Insurers complained to CMS in comments that they need higher ESRD payments in order to cover the influx of beneficiaries with the disease. Plans complained that ESRD beneficiaries cost more to cover than traditional Medicare beneficiaries because a concentrated dialysis provider market can leverage a more favorable contract from an MA plan that would pay providers well above traditional Medicare.

A February 2019 report from consulting firm Wakely found providers could decrease by 2% for MA plans due to the new influx of ESRD beneficiaries if the plans don’t hike premiums.

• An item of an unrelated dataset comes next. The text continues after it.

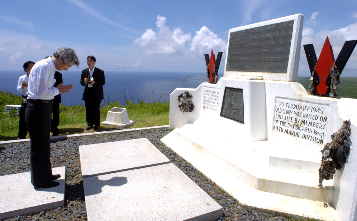 FILE PHOTO: The Iwo Jima memorial is shown under cloudy skies in Arlington, Virginia, overlooking Washington, D.C. February 23, 2005. REUTERS/Jason Reed/File PhotoFILE PHOTO: Family members of soldiers who died in the Battle of Iwo Jima, one of World War II's bloodiest and most symbolic battles, walk around a battery on the remote island of Iwo Jima, which is now officially called Iwo To in Japan, south of Tokyo, March 21, 2015, to mark the 70th anniversary of the battle. REUTERS/Pool/File Photo Wrecked U.S. Marine vehicles litter an Iwo Jima beach, 1945. Courtesy U.S. National Archives/U.S. Navy Petty Officer 3rd Class Robert M. Warren/Handout via REUTERS Explosions rock the Iwo Jima shore during the pre-landing bombardment, February 19, 1945. Photograph taken onboard a USS Sanborn (APA-193) landing craft. Courtesy U.S. Naval History and Heritage Command/Lieutenant Commander Howard W. Whalen/Handout via REUTERS White phosphorus rounds burst ashore during the pre-invasion bombardment of the island of Iwo Jima, February 17, 1945. Courtesy U.S. National Archives/U.S. Navy Photograph/Handout via REUTERS U.S. Marines with the 5th Division inch their way up a slope on Red Beach No. 1 toward Mount Suribachi on Iwo Jima, February 19, 1945. Courtesy U.S. National Archives/Handout via REUTERS FILE PHOTO: Dogtags and pins placed by United States soldiers decorate a signboard at the United States Marine Corps Landing Memorial on top of Mount Suribachi, Iwo-Jima December 13, 2006, the site of a fierce battle between Japanese and United States forces for control of airfields on the island during World War II. REUTERS/Michael Caronna/File PhotoU.S. Marines with the Fourth Division fire on enemy positions from the black sands of an Iwo Jima beach, February 1945. Courtesy U.S. National Archives/Handout via REUTERS A flame thrower in use against Japanese forces holding out in caves along Iwo Jima's coastal cliffs, as the U.S. Army conducts mopping up operations, April 8, 1945. Courtesy U.S. National Archives/U.S. Army Signal Corps Collection/Handout via REUTERS A U.S. Marine injured in the first wave assault at Iwo Jima rests on a bed of life preservers aboard a Coast Guard LCVP, February 19, 1945. Courtesy U.S. Naval History and Heritage Command/U.S. Coast Guard Photograph/Handout via REUTERS U.S. Marines covering the beach area at the southeast edge of Motoyama Airfield on Iwo Jima, 1945. Courtesy U.S. National Archives/U.S. Marine Corps Photograph/Sgt. P. Scheer/Handout via REUTERS U.S. Marines of the Second Battalion, Seventh Regiment, wait to move inland on Iwo Jima soon after going ashore, February 19, 1945. An LVT(A)-5 amphibious tractor is in the background. Taken by a Fifth Marine Division photographer. Courtesy U.S. Naval History and Heritage Command/U.S. Marine Corps Photograph/Handout via REUTERS A wave of Fourth Division U.S. Marines charge ashore on Iwo Jima as another boatload of Marines approaches, February 19, 1945. Courtesy U.S. National Archives/U.S. Marine Corps Photograph/Handout via REUTERS U.S. Marines pass the body of a Japanese soldier while under fire on Iwo Jima, 1945. Courtesy U.S. Naval History and Heritage/U.S. Marine Corps Photograph/Handout via REUTERS A U.S. Marine flamethrower operator with K Company goes over the top to assault a Japanese pillbox on Iwo Jima's Airfield Number Two, February 1945. Courtesy U.S. Naval History and Heritage/U.S. Marine Corps Photograph/Handout via REUTERS U.S. Navy doctors and corpsmen administer first aid to wounded Marines on Iwo Jima, February 20, 1945. Navy Chaplain Lieutenant (Junior Grade) John H. Galbreath (right center) is kneeling beside a man who has severe flash burns. Courtesy U.S. National Archives/U.S. Marine Corps Photograph/Warrant Officer Obie Newcomb, Jr/Handout via REUTERS A U.S. Marine flame thrower operator in action, covered by a pair of riflemen, on Iwo Jima, February 1945. Courtesy U.S. Naval History and Heritage Command/Handout via REUTERS U.S. forces fire a Bazooka rocket into the mouth of a cave along Iwo Jima's rugged northern coast during mopping up operations, April 8, 1945. Courtesy U.S. National Archives/U.S. Army Signal Corps/Handout via REUTERS SENSITIVE MATERIAL. THIS IMAGE MAY OFFEND OR DISTURB A dead Japanese soldier partially covered by sand at the entrance to a pillbox on Iwo Jima, February 24, 1945. Courtesy U.S. National Archives/U.S. Marine Corps Photograph/Handout via REUTERS U.S. Marines shelter in shell craters and foxholes on Iwo Jima, February 21, 1945. Courtesy U.S. National Archives/U.S. Navy Photograph/Handout via REUTERS A U.S. Marine fires a flame-thrower during operations on Iwo Jima, 1945. Courtesy U.S. Naval History and Heritage Command/U.S. Marine Corps Photograph/Handout via REUTERS U.S. Marines raise the American flag atop Mount Suribachi on Iwo Jima, 1945. Courtesy U.S. National Archives/U.S. Marine Corps Photograph/Private Bob Campbell/Handout via REUTERS Three Japanese soldiers emerge from their hiding place to surrender during mopping up operations by the U.S. Army on Iwo Jima, April 5, 1945. Courtesy U.S. National Archives/U.S. Army Signal Corps/Handout via REUTERS Iwo Jima under fire during the pre-landing bombardment, circa February 17-19, 1945. The view looks northeastward, with Mount Suribachi and Tobiishi Point in the foreground. Courtesy U.S. National Archives/U.S. Navy Photograph/Handout via REUTERS A U.S. Marine half-track self-propelled gun blasts an enemy-occupied pillbox on Iwo Jima as two U.S. Navy Landing Craft Support (LCS) pass offshore, February 19, 1945. Courtesy U.S. National Archives/U.S. Marine Corps Photograph/PFC A.L. Farnum/Handout via REUTERS A U.S. Marine surveys the shattered landscape while hunting for remaining Japanese forces on Iwo Jima, March 1945. Courtesy U.S. National Archives/U.S. Navy Photograph/Handout via REUTERSBurial at sea for a casualty of the battle for Iwo Jima onboard the USS Hansford, circa February 25-28, 1945. Courtesy U.S. National

Currently, a beneficiary with ESRD can only sign up for MA if they were already in such a plan when they were diagnosed with the disease. But the 21st Century Cures Act declared that starting next year a beneficiary can enroll in MA even if they weren’t in a plan before.

CMS also finalized as part of the rate notice:

  • A coding pattern adjustment of 5.90% for 2021 to reflect differences in diagnosis coding between MA organizations and fee-for-service providers.
  • A proposal to continue the phase-in of risk adjustment payments using the CMS-Hierarchical Condition Categories (CMS-HCC) model. The 21st Century Cures Act calls for a phase-in of the changes over a three-year period that ends in 2022. For the 2021 risk scores, 75% will be calculated with the 2020 CMS-HCC model and 25% under the 2017 model.

The agency also added that the final notice takes into account the COVID-19 outbreak that has wreaked havoc for payers and providers.

The rule eliminates the 2020 collection of data from the Healthcare Effectiveness Data and Information Set for special needs plans and the Medicare Consumer Assessment of Healthcare Providers and Systems survey. Instead, CMS will rely on data collections that weren’t affected by “public health threats posed by COVID-19,” according to a release.

The goal is to help CMS determine how to assign star ratings for 2021 in the event “the virus prevents CMS from having validated data or results in systemic data integrity issues, or if CMS’s functions become focused on only continued performance of essential agency functions due to the pandemic.”